Cels beneïst li vesques, de sa main les segna: «Baron, cil vos garisce qui tot le mont cria Et en la sainte virgene pucele s’aombra
Et les .XL. jors el desert jeüna!». (vv. 2167-2170)
Il digiuno come pratica di vita si ispira alla vita di Cristo e da questa trae la sua legittimazione. È l’esempio di Cristo a dare il senso alla pratica
In effetti sono numerosi i punti della Jérusalem che rievocano le sofferenze del Cristo per collegarle alle sofferenze dei crociati.
Li vesques de Mautran conmença a parler: «Baron, cil vos garisse qui se laisa pener
En ceste sainte vile por son pule salver, (vv. 2085-2087) Cil Sire les conduie qui se laisa pener. (v. 5586)
Car se Jhesu n'en pense, qui se laisa pener, (v. 5685)
La chiave di interpretazione dell’intero poema è esposta dall’autore della Jérusalem ai versi 3389-3403. I crociati continuano l’assalto alla Città Santa adoperando un ariete fatto costruire dai due ingegneri Nicola e Gregorio.
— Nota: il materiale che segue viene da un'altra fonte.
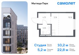 Предлагается квартира студия комфорт-класса 22,82 кв.м в корпусе 6 на 15 этаже, в ЖК ''Мытищи Парк''Квартира без отделки. Доступность опции ''отделка'' и возможность комплектации мебелью и декором уточняйте у застройщика.Планировкой предусмотрены:Прихожая - 4,17 м²Кухня-ниша - 5,1 м²Студия - 10,2 м²СУ_1 - 3,35 м²Приобрести квартиру возможно по специальным акциям от застройщика, с текущими условиями акций можно ознакомиться в блоке Акций.Цена динамическая и может отличаться, уточняйте актуальность у застройщика.ЖК ''Мытищи Парк'' — это надежные и долговечные монолитные корпуса. При проектировании домов и территории застройщик учел потребности жильцов всех возрастов — молодых пар, семей с детьми и пожилых людей.ЖК ''Мытищи Парк'' расположен в Московской области и с двух сторон окружен Пироговским лесопарком.

Esso non servirà a nulla, perché i Turchi reagiranno immediatamente scagliando il fuoco greco e la pece bollente sui nemici cristiani, che vengono letteralmente arrostiti.
Si tratta di un episodio presente nella cronaca di Fulcherio di Chartres.
Tum vero rari milites, tamen audaces, monente cornu, ascenderunt super eam, contra quos Saraceni nihilominus se defendendo faciebant, et ignem cum oleo et adipe vividum cum faculis aptatis praedictae turri et militibus qui erant in ea, fundibulis suis iaculabantur.403
Ebbene, non solo questa sofferenza è da valorizzare, ma è voluta e orchestrata da Dio stesso: non per punire i crociati di qualche loro mancanza, ma per mostrare loro un insegnamento. La volontà di Dio è di far rivivere sulla pelle dei crociati tutti i tormenti che abbiamo fino ad ora elencato perché Egli stesso era stato straziato quando si era fatto uomo.
Nicolas et Grigoires ont .I. mouton ferré,
Sor baus et sor roieles mis et encavestré. Puis l’ont devant l’engien et conduit et mené Assés pres de la porte, res a res del fossé.
Mais il ne lor vaut mie .I. denier monëé, Car li Turc la dedens ont tot ço esgardé. Un autel engien ont conre cel atorné. De feu grigois seront cil defor arousé Et de le poi boullant li pluisor escaudé. Tout çou consenti Dex li rois de majesté, Car il vaut que sa gent fuisent illuec grevé Et a se vile prendre travelliet et lassé, Po çou qu’il ot son cors si crüelment pené Et son costé perciet et sanglent et navré:
Çou fu senefïance que il lor a mostré. (vvv. 3389-3403)
Il legame tra le sofferenze dei crociati e le sofferenze di Cristo è qui esplicitato al massimo livello: le prime sono intenzionalmente volute da Dio affinché i crociati possano replicare il cammino di sofferenza che Dio stesso aveva intrapreso nella Terra Santa.
Siamo arrivati ad un passaggio chiave per la nostra tesi: il pellegrinaggio che stanno
compiendo i crociati è il pellegrinaggio ideale, perché esso è un cammino di Imitatio Christi. I crociati ripercorrono le ultime tappe della vita del Dio incarnato replicandone gli spostamenti e le sofferenze, che hanno quindi l’obiettivo di avvicinare gli stessi crociati a Cristo. Non è possibile pellegrinaggio più santo di questo: la Prima Crociata è un unicum, replica della Passione di Cristo.
I cristiani che hanno preso parte alla spedizione sono dei privilegiati, in quanto otterranno la salvezza, con o senza martirio, accettando anch’essi la Croce, come già fece Cristo, calpestando lo stesso suolo calpestato dal Figlio di Dio.
Il capo spirituale della spedizione, il vescovo di Mautran, è ben conscio di ciò: egli incoraggia i crociati mettendo in parallelo le loro sofferenze e quelle di Cristo. Essi non devono disperarsi per le sofferenze subite sino ad allora e non devono perdere di vista l’obiettivo della loro spedizione. Inoltre Cristo, da uomo, subì molto più di quanto abbiano subito loro.